July 17, 2018
NCI Building Systems and Ply Gem Combining
Advantaged Customer Platform with a Broader Product Portfolio Across Multiple End Markets
Ongoing Cost Initiatives and Identified Near-Term Cost Synergies Estimated to Total Over $150 Million Annually
Superior Growth and Margin Expansion with 2018E Pro Forma Adjusted EBITDA of $660 Million - $680 Million, Including Run-Rate Synergies and Cost Savings
Immediately Accretive to Adjusted Cash Earnings per Share and Free Cash Flow
Proven Leadership Team with Track Record of Improving Operations to Boost Margins and Execute Growth Strategies
Funds Managed by Clayton, Dubilier & Rice to Continue as Substantial Investors
HOUSTON, TX and CARY, NC, July 17, 2018 – NCI Building Systems, Inc. (NYSE: NCS), a leading manufacturer of exterior building products for commercial construction (“NCI”), and Ply Gem Parent, LLC, a leading manufacturer of exterior building products for residential construction (“Ply Gem”), announced today that they have signed a definitive agreement under which the two companies will combine in a stock-for-stock merger. The combined company (“the Company”) will have a pro forma enterprise value of $5.5 billion and an implied equity value of $2.6 billion, based on NCI’s closing share price on July 17, 2018.
NCI Chairman James S. Metcalf, who will lead the integration of the two companies and serve as Chairman and CEO of the Company, said: “This transformational combination creates the leading exterior building products company with multiple avenues for further growth. Both companies are experiencing sustained momentum driven by meaningful cost savings, and the greater scale and diversification of the combined company support organic growth, margin expansion and longer-term M&A opportunities. With a greater ability to attract and retain top talent in all fields, our combined company will continue to innovate in the exterior building products space – far beyond what either of us could do alone.”
COMPELLING STRATEGIC RATIONALE FOR THE COMBINATION
The transaction will create a market-leading North American exterior building products platform providing new construction and repair & remodel solutions for commercial and residential applications. As a larger, vertically-integrated manufacturer with enhanced growth opportunities through adjacent products, the combined company will become a one-stop solution for exterior building envelope needs.
• Expansive, advantaged customer platform: Improved ability to serve customers with a broader product portfolio across multiple end markets. Complete go-to-market coverage across direct, distribution and retail customers.
• Superior growth and financial profile: Multiple avenues for growth spanning core market expansion, product innovation, cross-selling and multifaceted M&A opportunities. Increased diversification of end markets and raw materials reduces earnings volatility. Ongoing cost initiatives and identified near-term cost synergies totaling over $150 million annually.
• Shared strengths and best-in-class capabilities: Combined strengths in advanced manufacturing, product innovation and cost efficiency coupled with shared acquisition integration and cross-selling capabilities. Strong cultural fit with a focus on continuous improvement.

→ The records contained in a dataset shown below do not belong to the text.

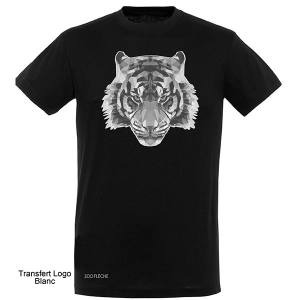 T-shirt unisexe Tigre Blanc + transfert Zoo de la Flèche en Bas à droite Noir Profond XS
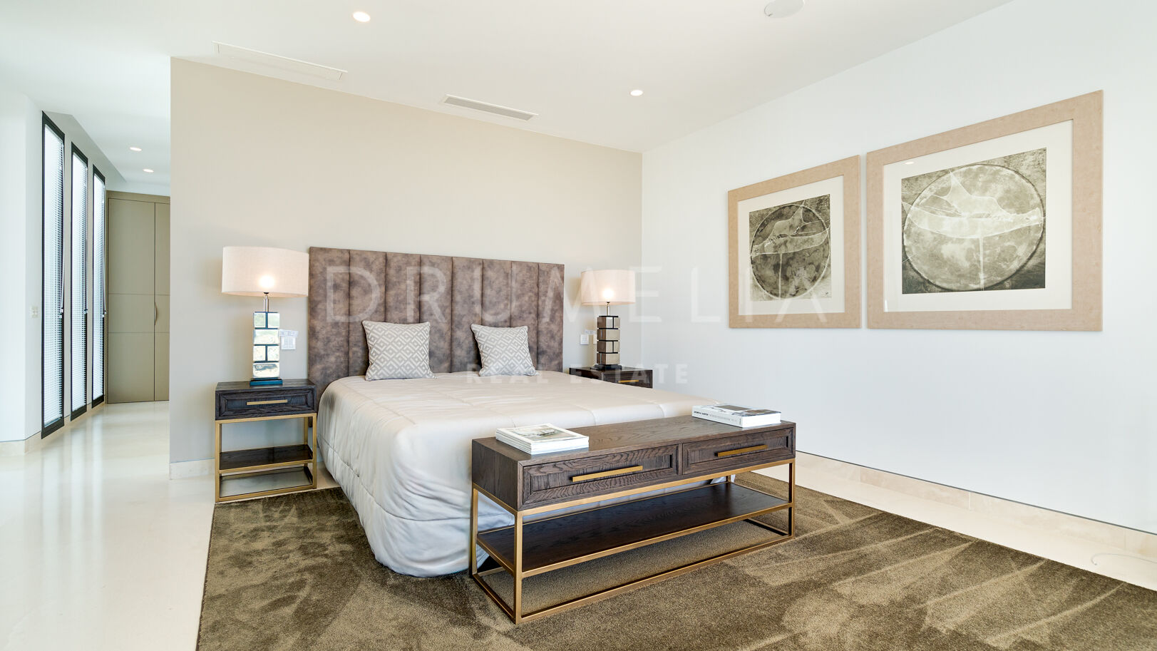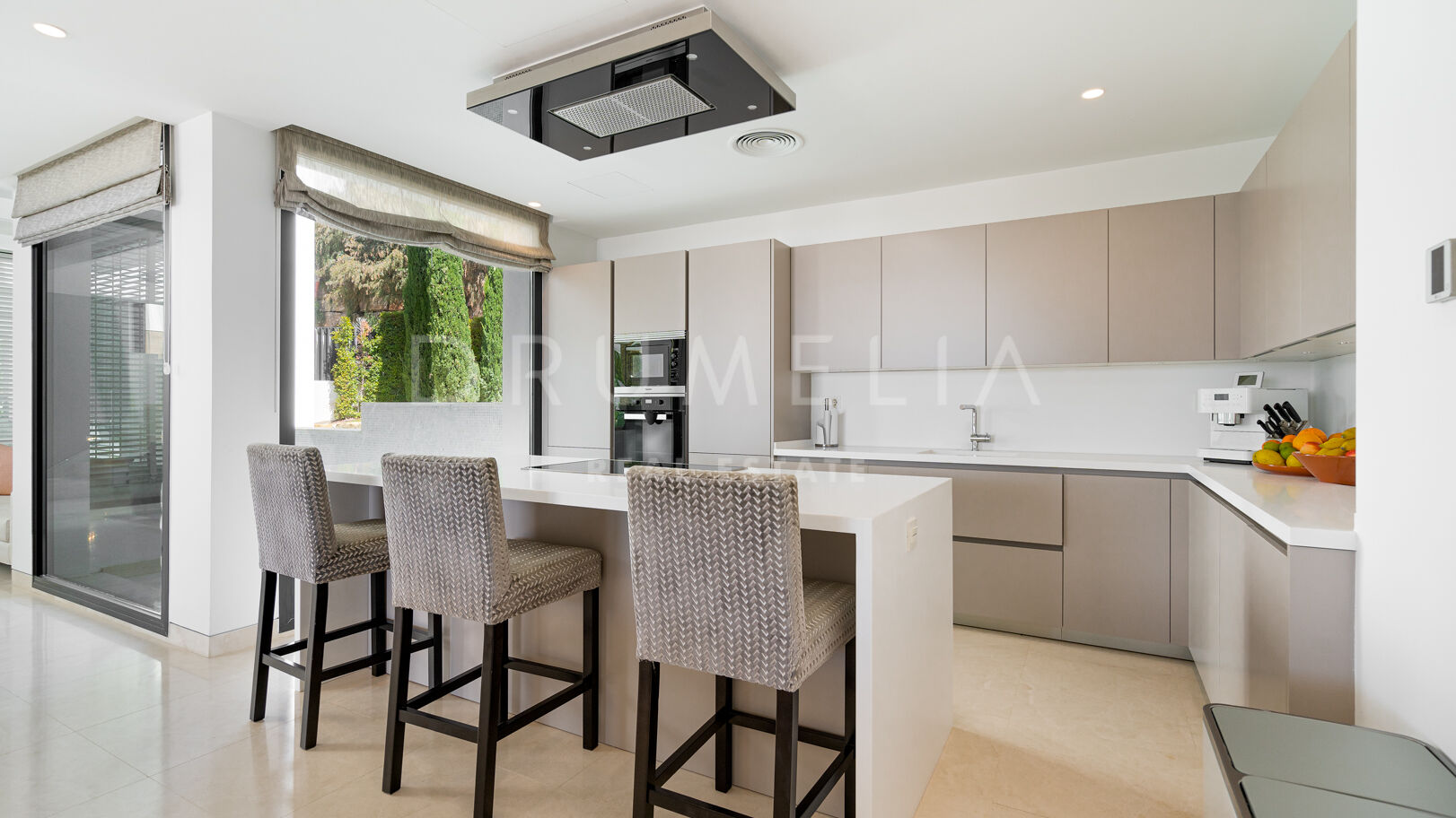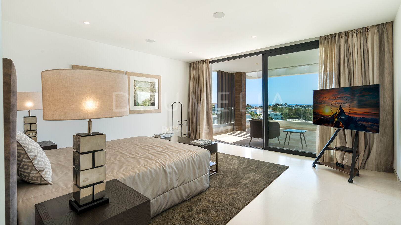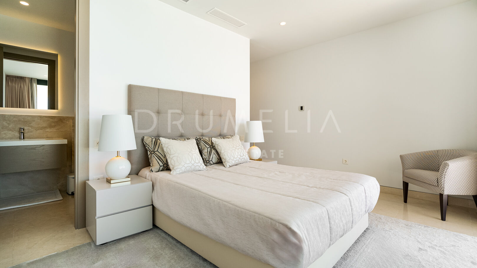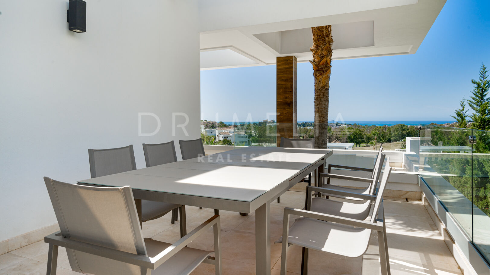 На трех уровнях виллы расположены пять спален с ванными комнатами, включая роскошную главную спальню с собственной террасой. Гостиная и столовая открытой планировки плавно переходят в просторные террасы, а кухня, оборудованная по последнему слову техники, оснащена бытовой техникой премиум-класса. Потрясающий бассейн-инфинити служит центром открытого пространства, дополненного стильной зоной отдыха и пышными садами – идеальное место для средиземноморского образа жизни.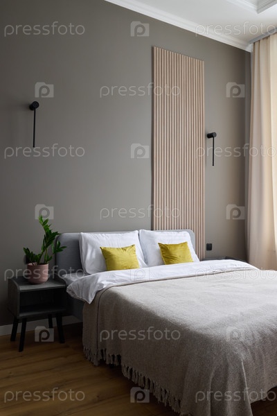 Современная минималистская спальня с натуральными элементами и мягкими текстурами для комфорта и стиля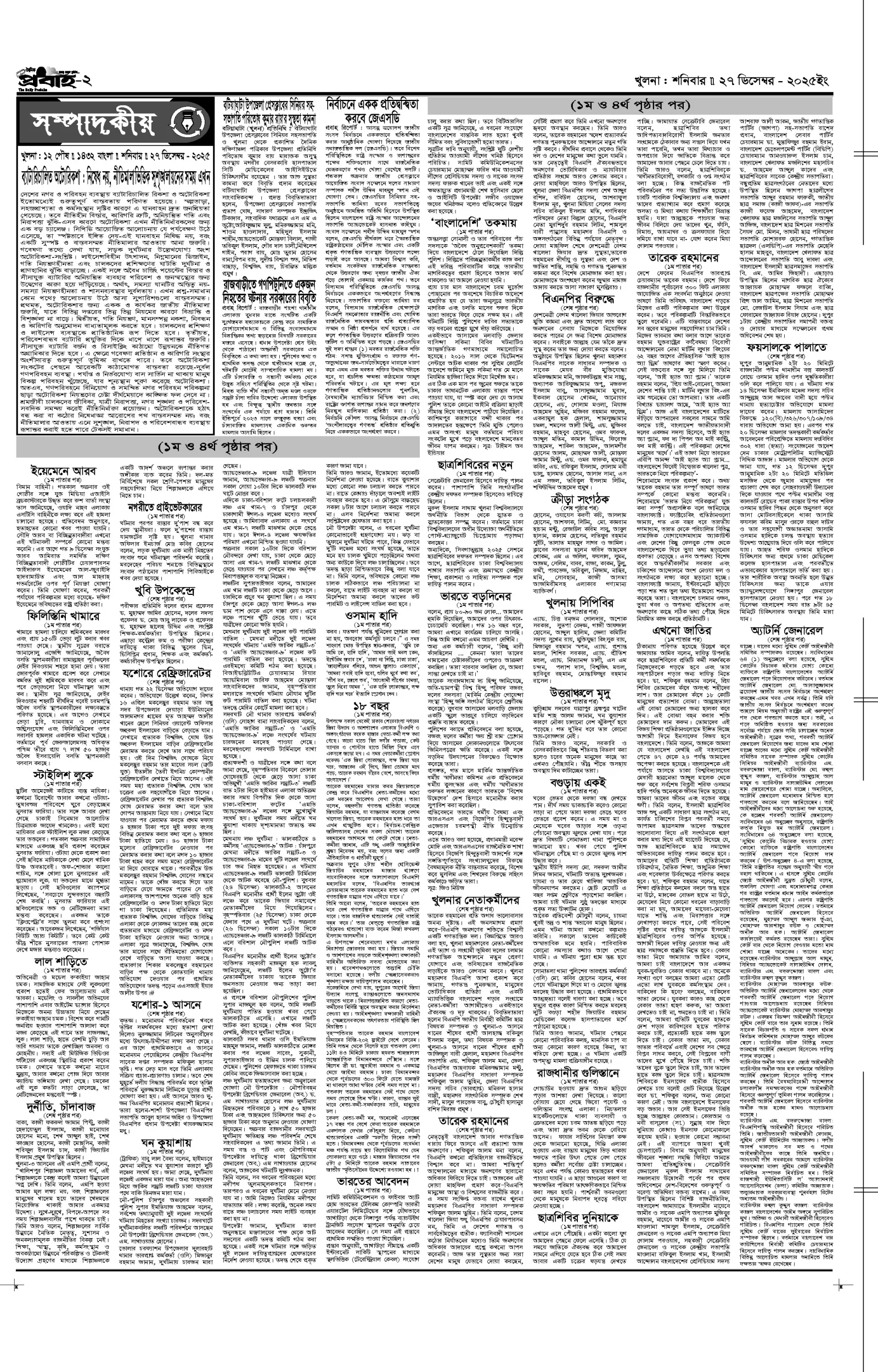 আজকের প্রবাহ-২৭ ডিসেম্বর-২০২৫ ইং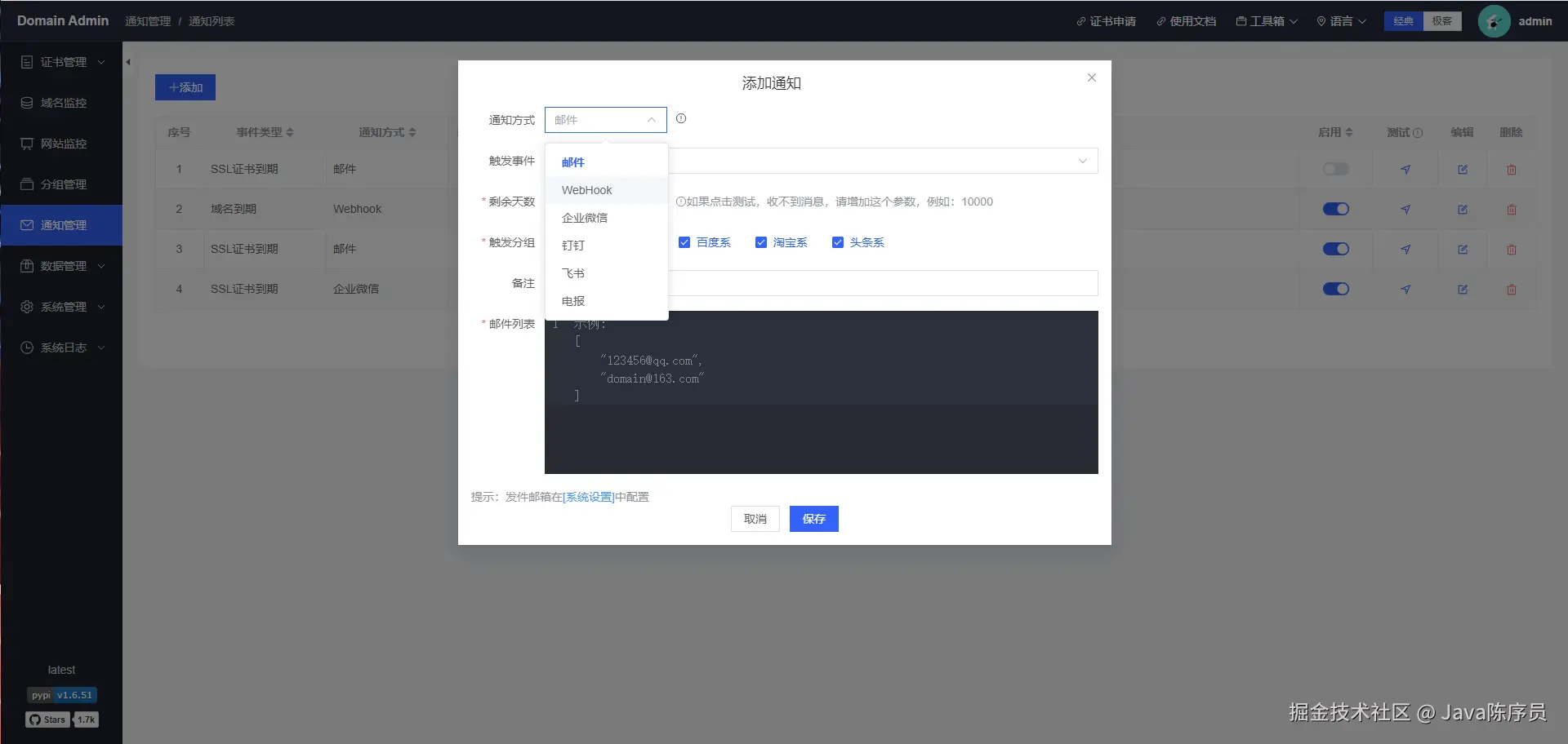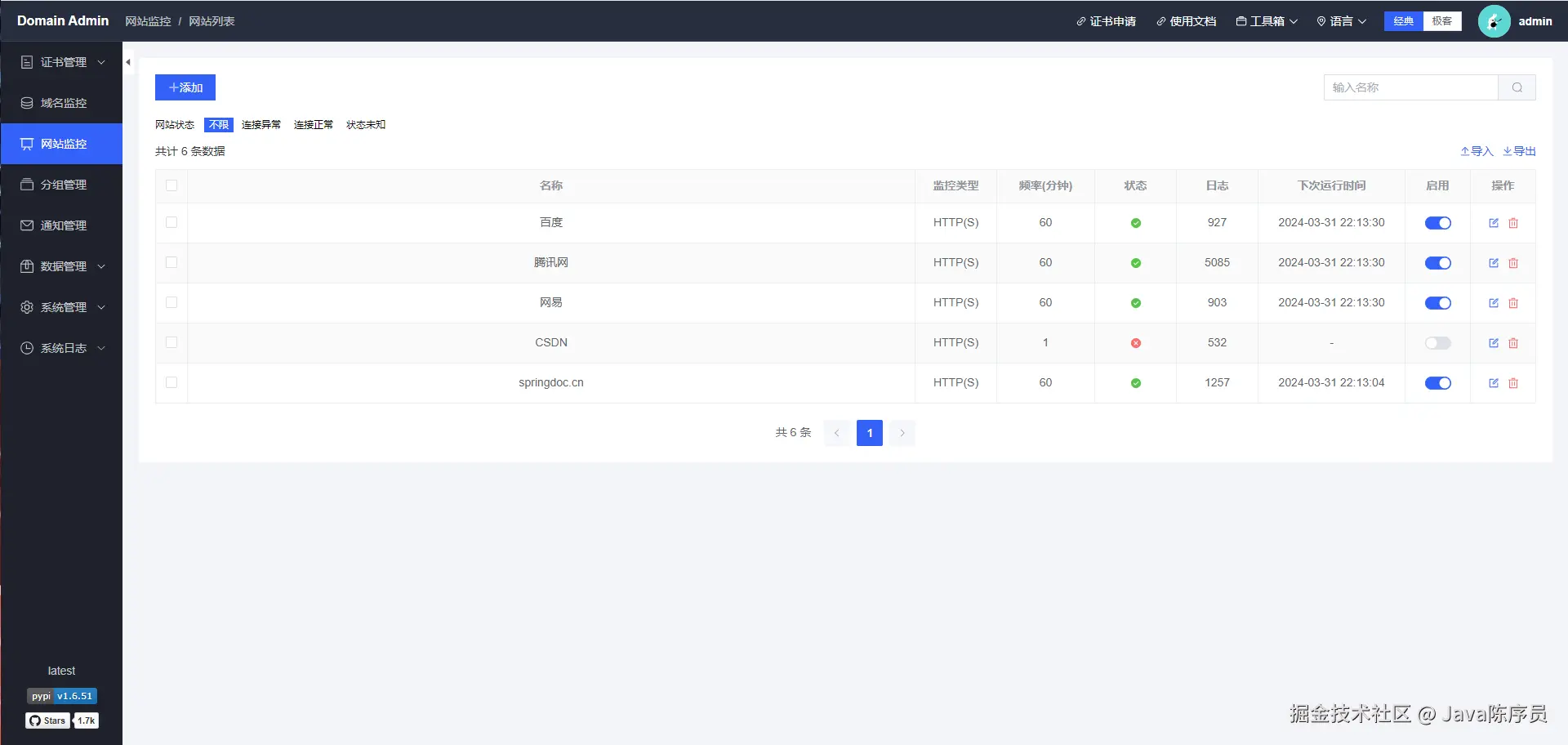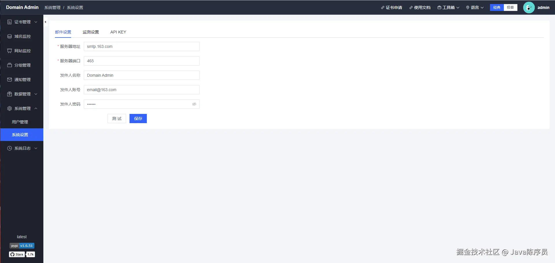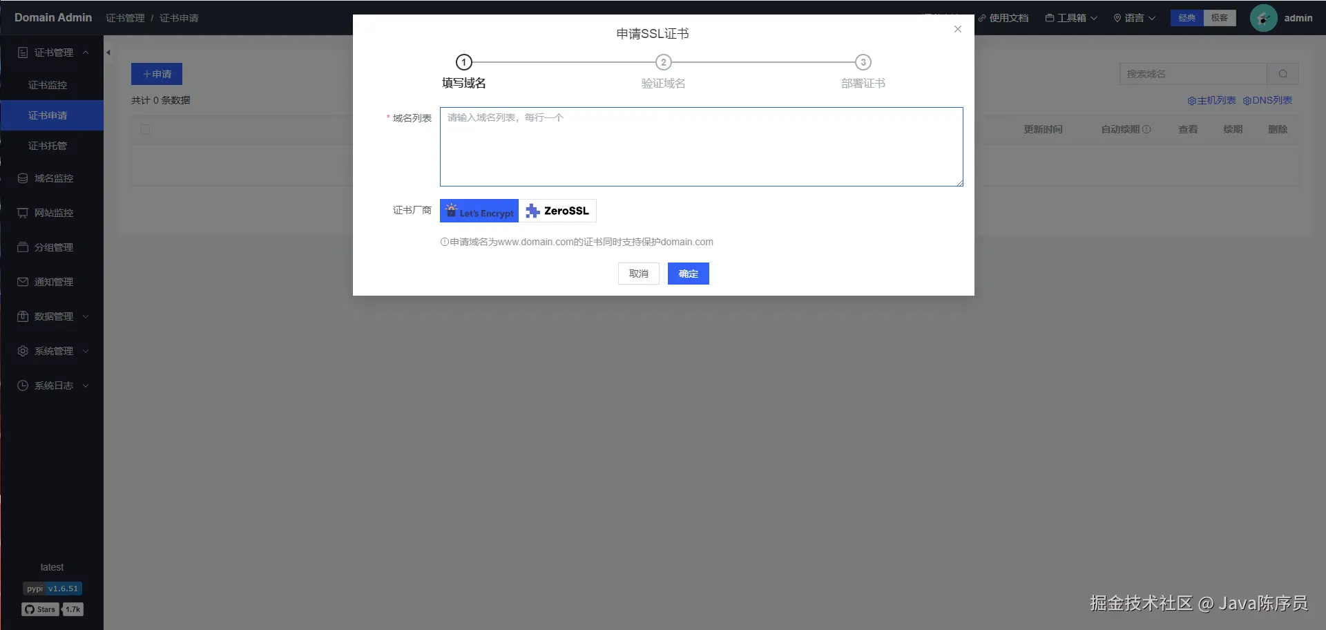 项目地址:https://github.com/dromara/domain-admin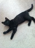 We are thrilled to introduce Mystic our first Safari. From her father Mystery (Melanistic Geoffroy's cat) and her mother Duck ( Melanistic DSH) she is sure to out grow both and be the rare beauty only Safari's are. Gentle in disposition and growing to roughly twice the size of either parent, Safari is the rarest hybrid of all. She will make a superior pet and although we do not guarentee fertility she will come with full breeding rights as well.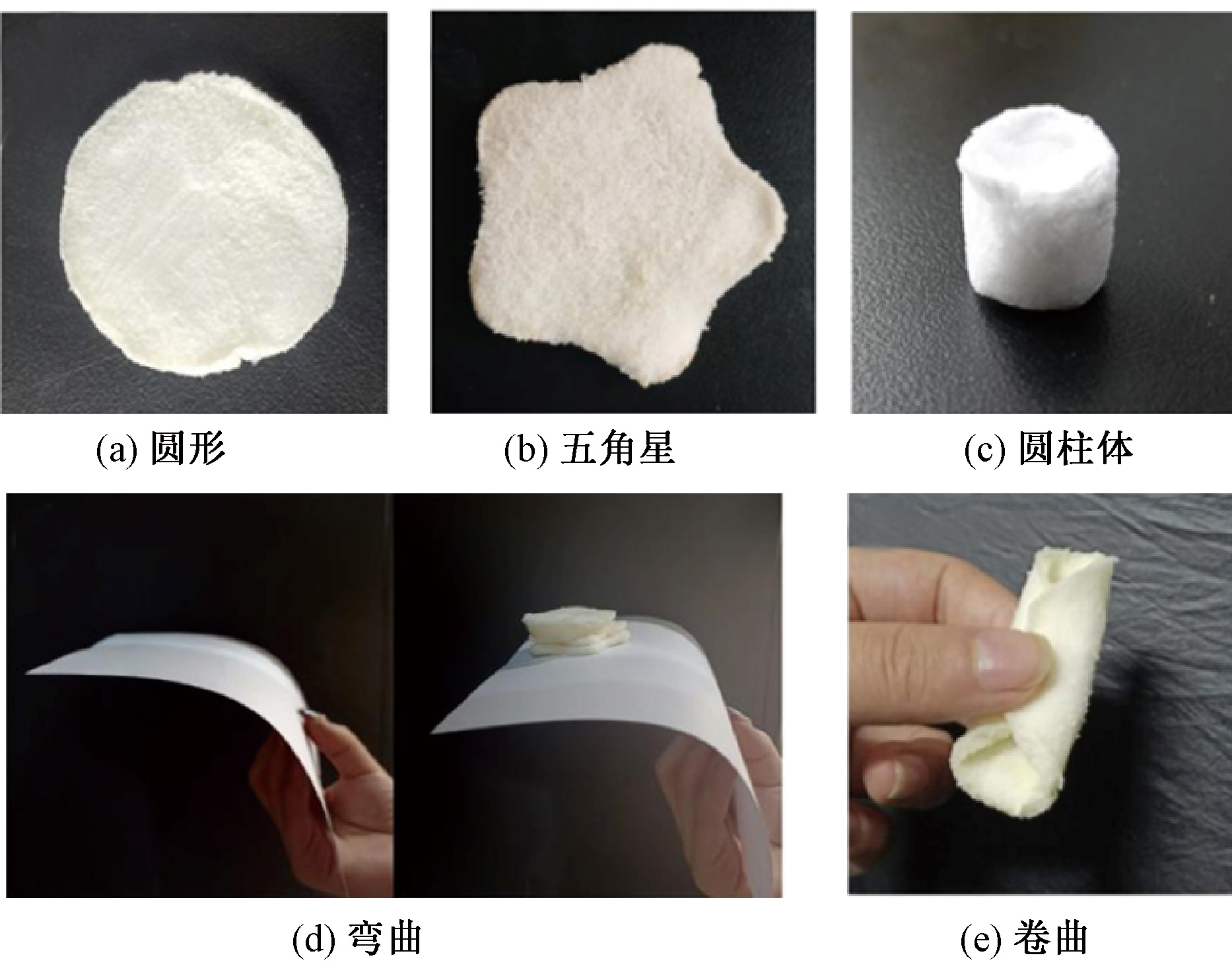 Presentation of flax cellulose aerogel samples. (a) Circle shaped; (b) Pentagram shaped; (c) Cylinder shaped; (d) Bend; (e) Curl"

• Long-term, results-driven stewardship: Experienced leadership teams with a proven track record of integration and execution. Substantial investment from funds managed by Clayton, Dubilier & Rice (“CD&R”).
The Company will operate under a name to be determined, and each entity will preserve its existing established brands. The Company will be headquartered in Cary, North Carolina, with a significant presence in Houston, Texas.
Ply Gem Chairman and CEO Gary E. Robinette, who will continue to serve in this role until close, added: “I am grateful and honored to have had the opportunity to lead Ply Gem over the past 12 years and I am proud of our team’s accomplishments during the past decade of successes and challenges. The joining of these two market-leading exterior building products companies creates a platform for growth, enhanced innovation and cost improvements, while serving all channels of the construction markets. I am excited for the associates and customers of the combined company and the next evolution of this best-in-class provider of exterior building envelope solutions.”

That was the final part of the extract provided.